■ Exercise instructions
Excluding pictures, what does the listing below contain from the line with "Fototapet Val med" up to and including the line with "We are committed", word for word?

■ Records provided
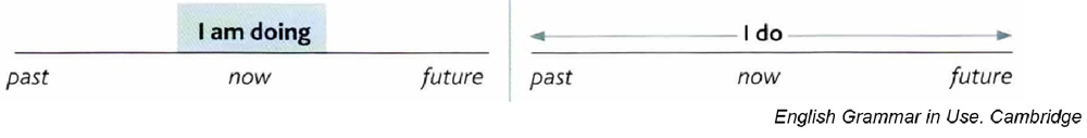 Во всех трех русских предложениях использовано настоящее время. Однако в английских предложениях мы использовали три разных грамматических времени. Если проанализировать характер каждого действия, разница существенная. Предложение «Она играет в теннис» выражает постоянное действие, происходящее с какой-то частотой (редко, иногда, часто, никогда или всегда). В этом случае используется The present simple tense. Когда мы говорим«Посмотри, она играет в теннис», мы не знаем, делает ли она это регулярно, но говорящий хочет привлечь внимание к тому, что на его глазах происходит (длится, находится в процессе) какое-то действие, которое для данной ситуации имеет временный характер. Для этого случая подходит The present continuous tense. В третьем случае «Она играет в теннис уже полчаса» действие началось в прошлом и продолжается в настоящем. Характер этого действия таков, что оно словно одной рукой держится за прошлое, а другой машет теннисной ракеткой в настоящем. В данном случае прошлое связано с происходящим в настоящем действием, и эти составляющие складываются в The present perfect continuous tense.
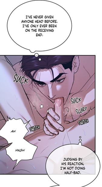 In stark contrast, Episode 63 presents a very different Joo Jaekyung. (chapter 63) Here, he no longer portrays himself as the benevolent provider of an experience. (chapter 63) Instead, he openly admits his inexperience in giving pleasure, stating that he has never been on the giving end before. This moment of self-awareness is crucial because it marks a departure from his earlier arrogance and lack of honesty. No longer does he assume that his presence alone is a gift—he is beginning to recognize that intimacy is a two-way street. Moreover, unlike in Episode 12, where his so-called generosity was partially performative (chapter 12) – seeking both to display dominance and to elicit validation (chapter 12) —this time, in Episode 63, he prioritizes Kim Dan’s pleasure without explicitly expecting anything in return. (chapter 63) However, there remains an unspoken desire for recognition, as he unconsciously longs for Kim Dan to acknowledge his efforts in a way that he was once too proud to admit. I believe that this night is there to make him discover the power of giving.
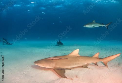Obraz premium Lemon shark and Caribbean reef sharks at the Bahamas
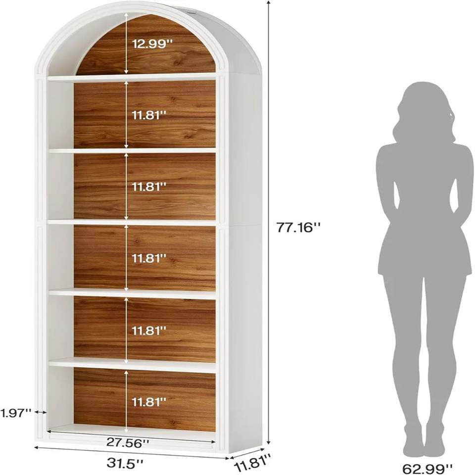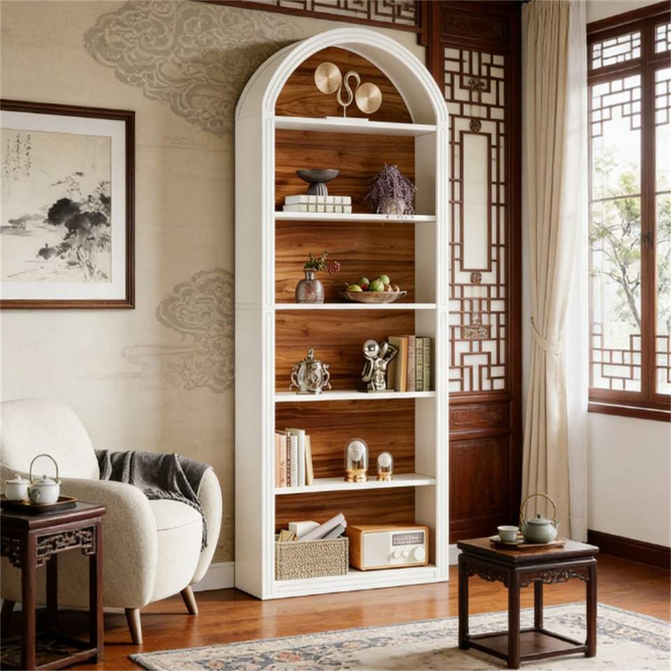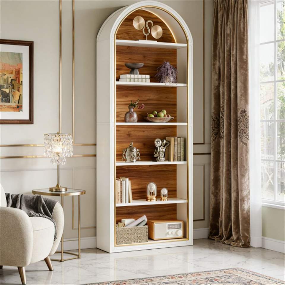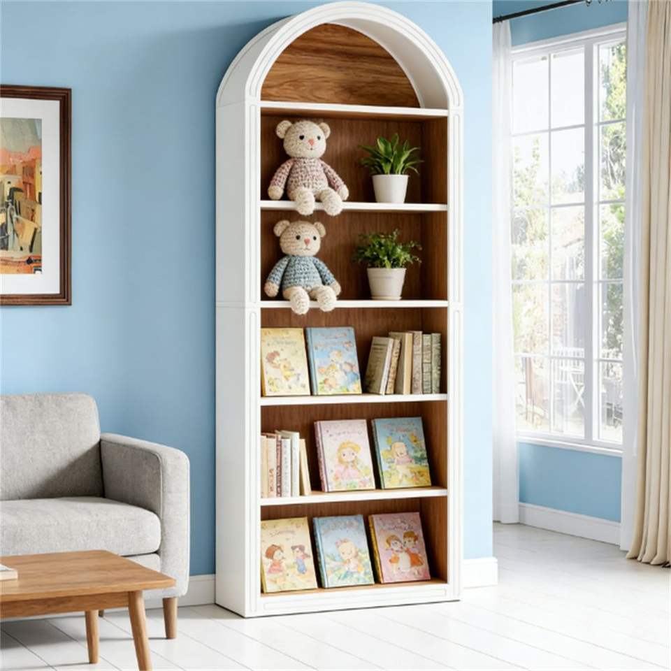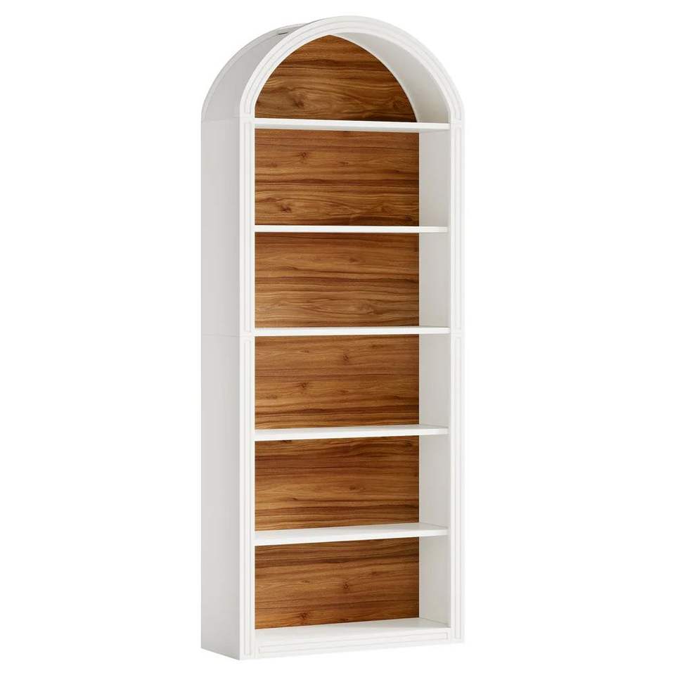Libreria ad arco in legno con ampio spazio contenitivo e scaffale espositivo, libreria alta
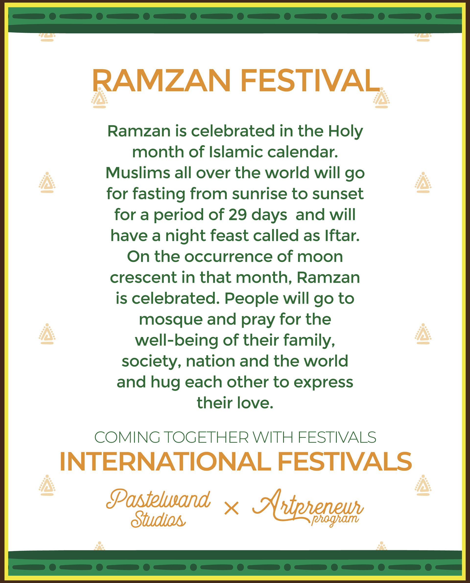 Ramzan is celebrated on the Holy month of Islamic calendar. Muslims all over the world will go for fasting from sunrise to sunset for a period of 29 days and will have a night feast called as Iftar. On the occurrence of moon crescent in that month Ramzan is celebrated, people will go to mosque and pray for the well-being their family, society, nation and the world and hug each other to express their love.
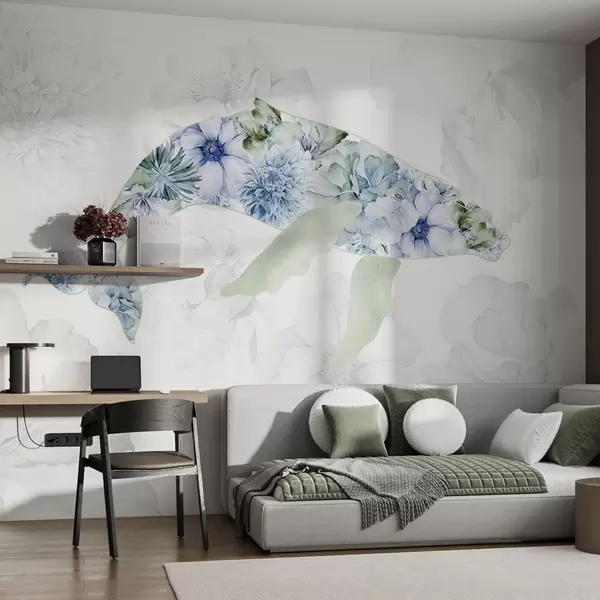 Fototapet Val med akvarellblommor, havsdjur, minimalism, blått och grönt Nr. w03446v2
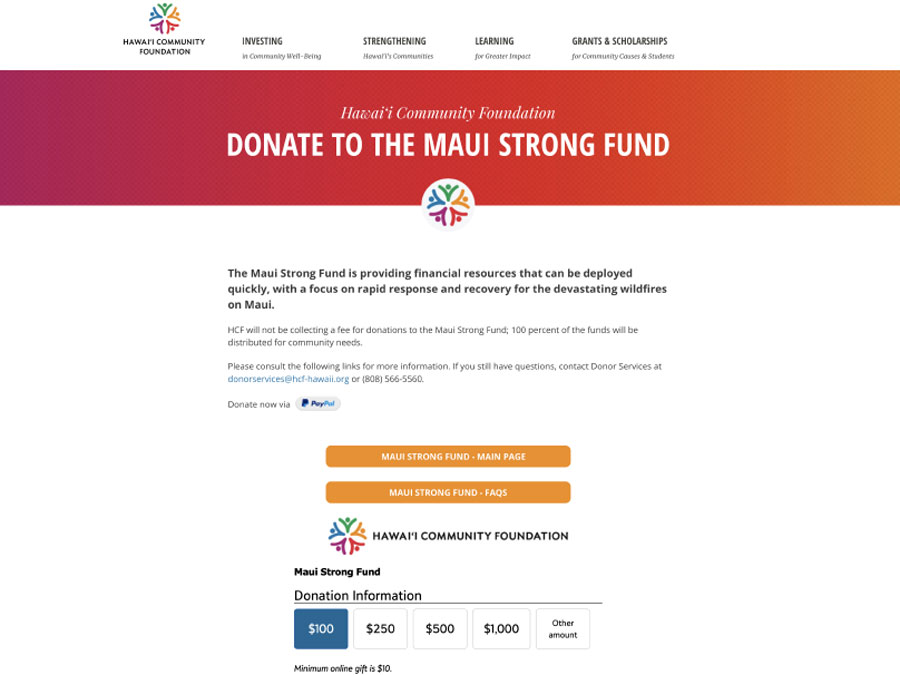 We are committed to following the lead of the Lahaina community once we are able to turn towards protecting and restoring the affected ecosystems after this tragedy. Until then, please consider giving your attention to Hawai‘i Community Foundation’s Maui Strong Fund, the American Red Cross of Hawaii, and the Maui Food Bank.
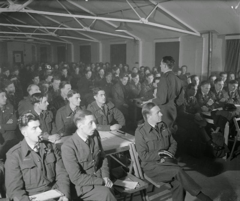 RAF Squadron Leader Peter Hill briefs bomber crews from Number 51 Squadron before the planned mission against Nuremberg, Germany on the evening on 30/31 March 1944. Hill was among more than 700 crew members lost on the raid, the bloodiest night in Bomber Command history (Imperial War Museum Collection)
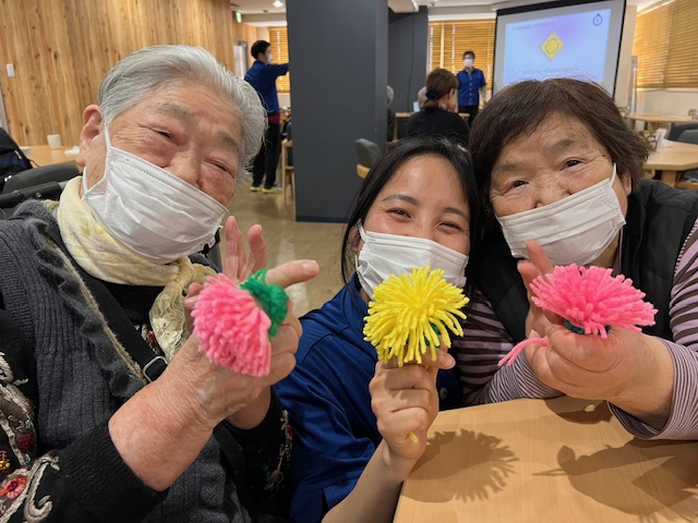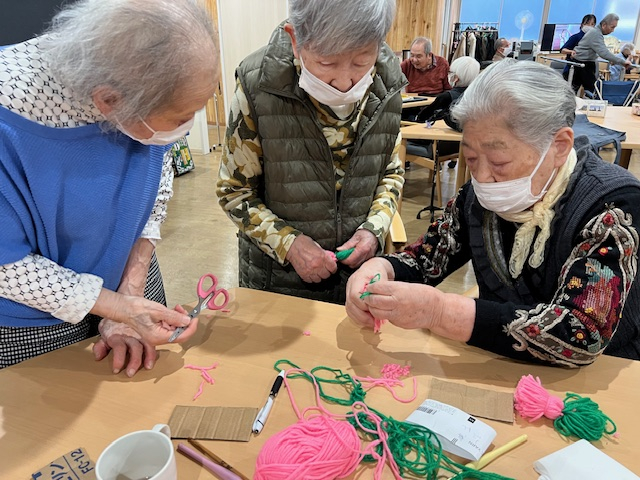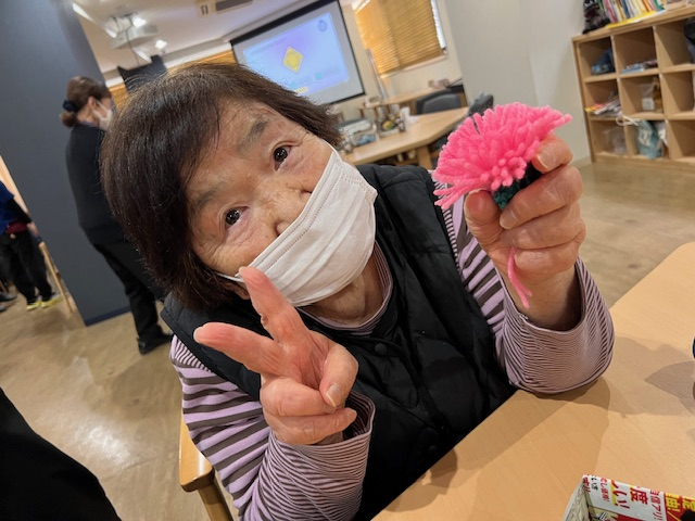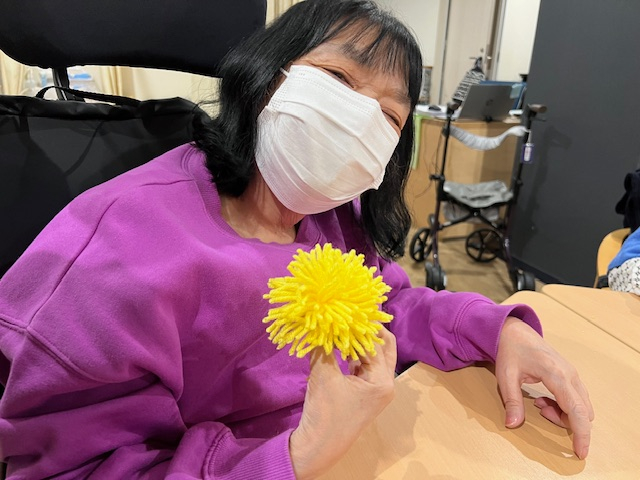 今日、有馬デイの午後のプログラムは手芸の花を作りました。
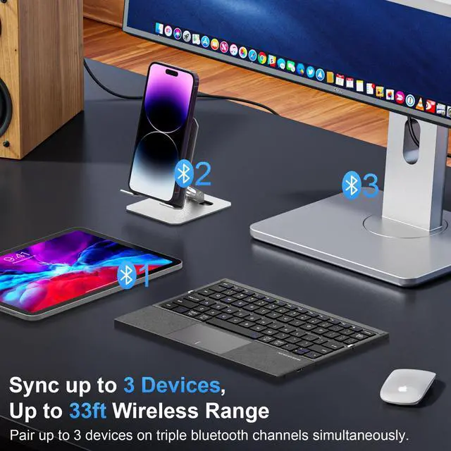 Triple-Connect Bluetooth Keyboard: The wireless keyboard features Bluetooth 5.1 technology, allowing you to pair up to 3 devices simultaneously on three Bluetooth channels and easily switch between them with the push of a button. With a stable connection range of up to 33 feet, it is compatible with Windows, Mac OS, iOS or Android devices and connects smoothly with your iPad, iPhone, mobile phone, tablet or laptop.
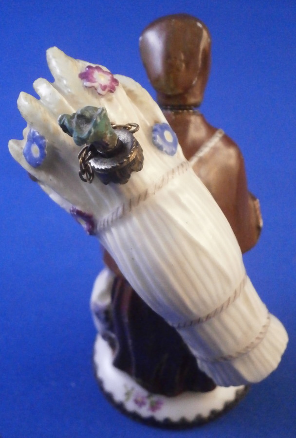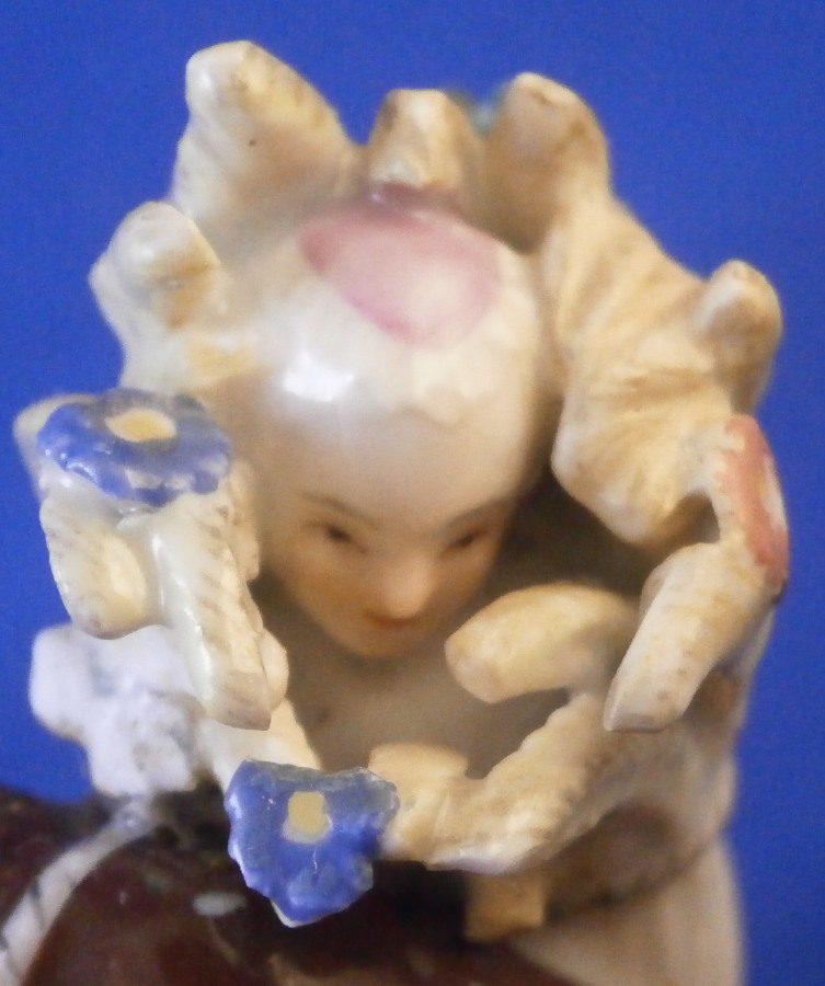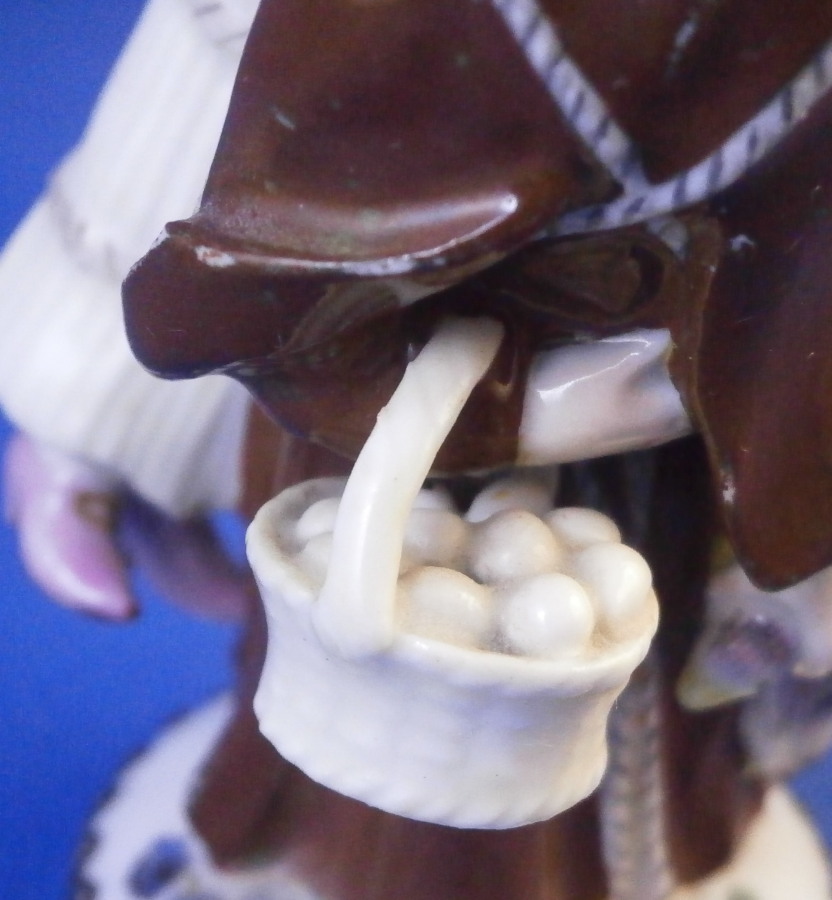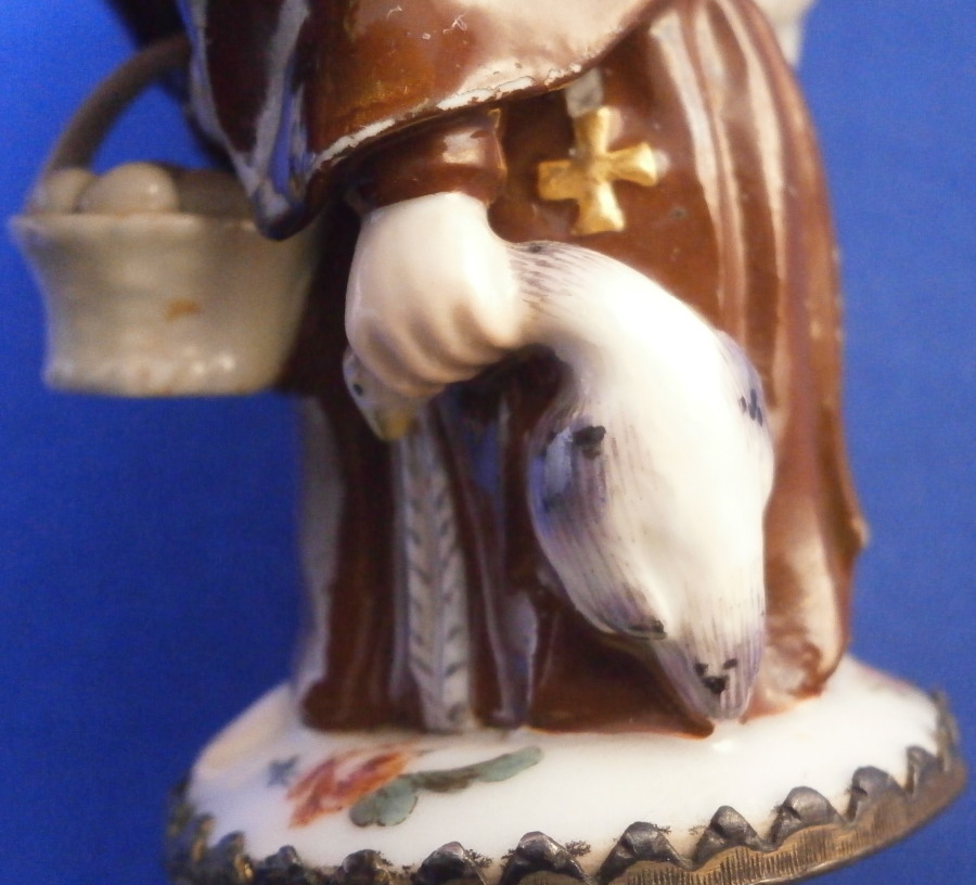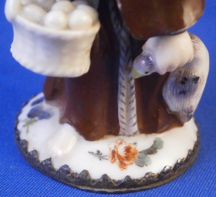 This is a superb figural perfume bottle made by Meissen in in the mid 18th century. It's a piece you come across from time to time but almost all are more modern including the anniversary addition I own from 1910. So here we have the original period piece which is great. Much ncier detail! The piece is known as the "The Bawdy Monk" and is of a monk carrying a young child on his back that is concealed in a wheat sheaf. The monk is carrying a dead duck by its neck in his left hand and a basket of eggs in his other hand. The piece is based on a folk tale. The child's head is barely visible in the wheat. The wheat sheaf is more sideways oriented and has the addition of nice flowers compared to the newer versions. The base has three single flowers painted on the top and a superb floral arrangement to the underside. The edge has a silver trim to it, The one scent bottle is opened by taking off the monk's head while the other has the greenery as the stopper on top of the wheat. The child's feet dangle underneath! Nice silver stoppers keep the perfume safe. The piece is in great condition considering the age. There is some minor damage to the tips of the wheat, a chip to the edge of the monk's robe as well as a bit of wear to the edges, the stopper of the greenery is a bit rough looking with some small chips and overpaint and there is a crack along the side of the base but that is perfectly held in place by the silver trim around the base. I am just being picky as always and the piece displays wonderfully and looks amazing! Unmarked but unmistakably Meissen from this period! The flakon is 2.875 inches tall, 1.75 inches wide and 1.625 inches deep. Please email me for more information or other pictures.

■ Response box
 Fototapet Val med akvarellblommor, havsdjur, minimalism, blått och grönt Nr. w03446v2
 We are committed to following the lead of the Lahaina community once we are able to turn towards protecting and restoring the affected ecosystems after this tragedy. Until then, please consider giving your attention to Hawai‘i Community Foundation’s Maui Strong Fund, the American Red Cross of Hawaii, and the Maui Food Bank.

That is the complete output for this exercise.